# Wire uncoupler



## chieftopcop (Apr 2, 2016)

Dilemma needing help!

Have three 027 uncouplers but no controllers. Does anyone have a diagram for utilizing either a spst or spdt switch to operate this.


----------



## T-Man (May 16, 2008)

Found a DTDP thread

search 6019 for many more threads.

Go to amazon and buy the Greenberg service manual. It's time. Olsen's Library has it too.


----------



## T-Man (May 16, 2008)

Did you solve this problem?


----------



## chieftopcop (Apr 2, 2016)

TMan,,,nope still looking...

By the way,,to all who recommend Grennbergs Manual,,,have had one for quite a while now....

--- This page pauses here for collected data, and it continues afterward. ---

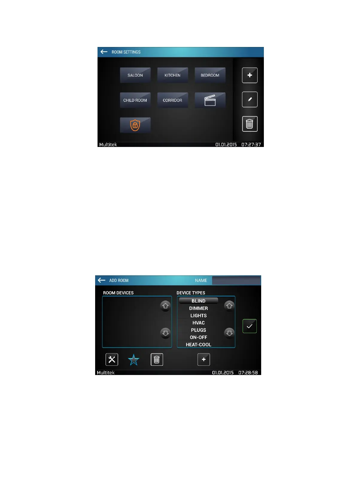 Below “Room Devices” section; device configuration, favorite and delete icons are located. Using these icons,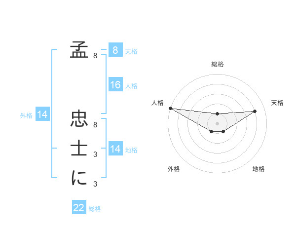 孟 忠士にさんを姓名の画数から五運を鑑定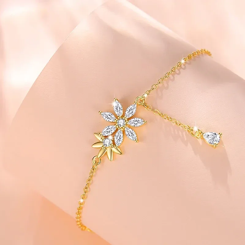 Braccialetto con zirconi e argento 925 con catenina placcato in oro 18 carati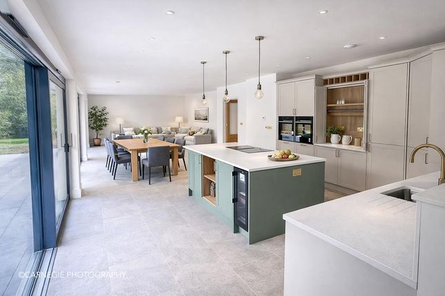 From an elevated position this 1930s bungalow has been extended by the current owner to provide family accommodation comprising, an entrance hall, cloakroom, sitting room (with southerly aspect over the grounds), kitchen, utility room, large family and dining room (double aspect, with patio doors to the garden), three bedrooms, family bathroom and stairs to eaves playroom, games room and store.

Even purchased a 6029 track with two button controller from EBay,,,listed as being in excellent condition, of course it was a total ripoff,,,
Wires on both units cut right at the edges, will have to re wire both.

Need to start listening to wife..she keeps telling me to buy new and not someone elses junk.

There's a reason I purchase Milwaukee and Craftsmen tools and not Black & Decker !!

Looks like in EBay a dollar saved is a dollar wasted!!


----------



## T-Man (May 16, 2008)

Rewire is a snap. Just follow the manual. A screwdriver, solder iron, and wire stripper.


----------